• HOW TO COMPLETE THIS TASK
Restate the whole of the data below word for word, skipping the images.

SUPPLIED INFORMATION Block Start

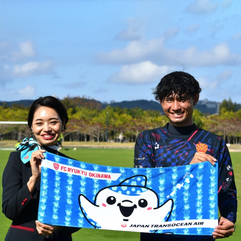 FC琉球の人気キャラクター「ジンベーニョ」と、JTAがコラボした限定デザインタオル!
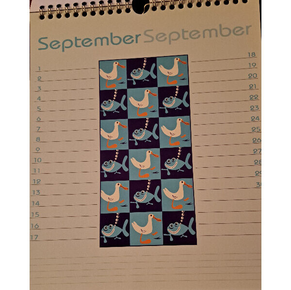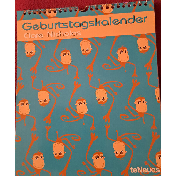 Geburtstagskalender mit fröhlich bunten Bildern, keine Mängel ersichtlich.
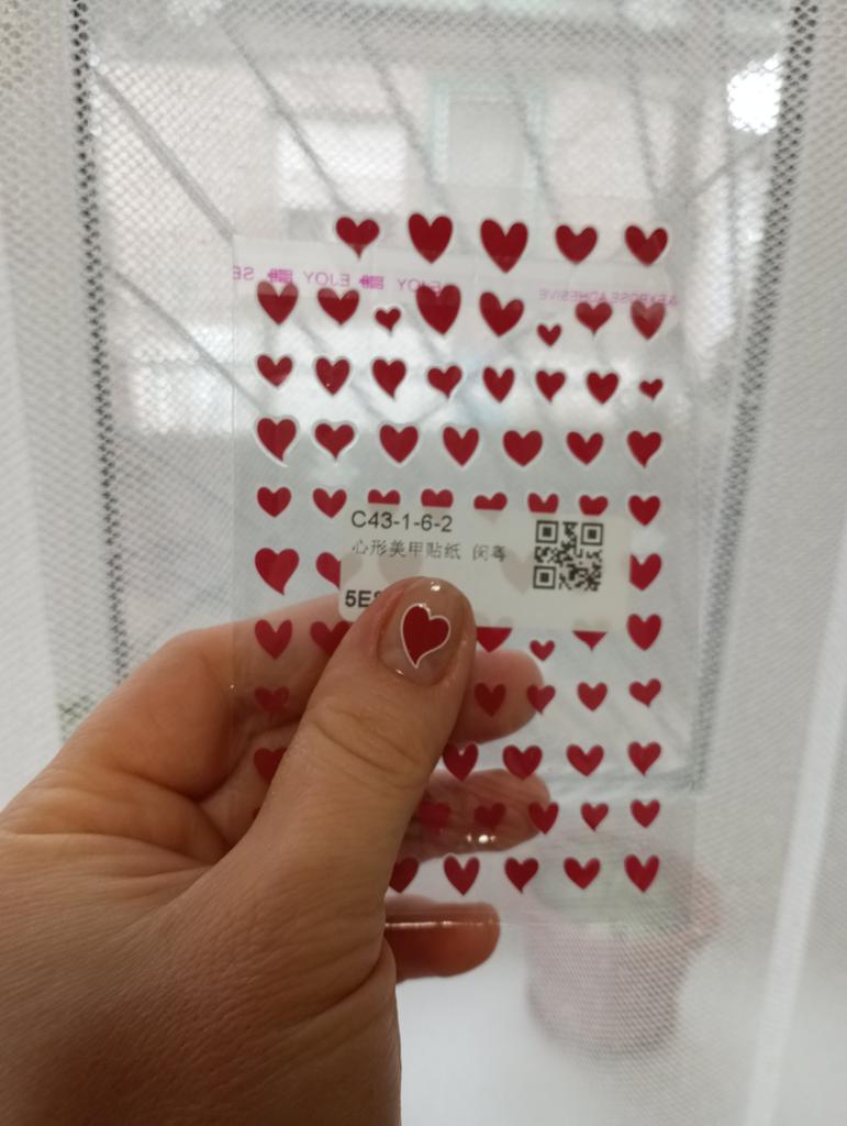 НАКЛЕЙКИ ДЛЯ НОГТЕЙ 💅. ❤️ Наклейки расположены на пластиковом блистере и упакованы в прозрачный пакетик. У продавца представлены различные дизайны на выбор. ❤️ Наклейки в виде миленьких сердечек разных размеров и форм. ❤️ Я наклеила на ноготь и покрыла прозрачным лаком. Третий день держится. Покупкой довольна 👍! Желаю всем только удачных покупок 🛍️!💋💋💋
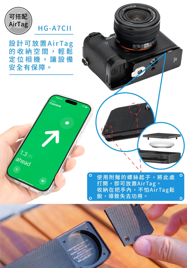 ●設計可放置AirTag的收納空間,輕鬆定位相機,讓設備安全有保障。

SUPPLIED INFORMATION Block End

• EXERCISE SOLUTION
 FC琉球の人気キャラクター「ジンベーニョ」と、JTAがコラボした限定デザインタオル!
 Geburtstagskalender mit fröhlich bunten Bildern, keine Mängel ersichtlich.
 НАКЛЕЙКИ ДЛЯ НОГТЕЙ 💅. ❤️ Наклейки расположены на пластиковом блистере и упакованы в прозрачный пакетик. У продавца представлены различные дизайны на выбор. ❤️ Наклейки в виде миленьких сердечек разных размеров и форм. ❤️ Я наклеила на ноготь и покрыла прозрачным лаком. Третий день держится. Покупкой довольна 👍! Желаю всем только удачных покупок 🛍️!💋💋💋
 ●設計可放置AirTag的收納空間,輕鬆定位相機,讓設備安全有保障。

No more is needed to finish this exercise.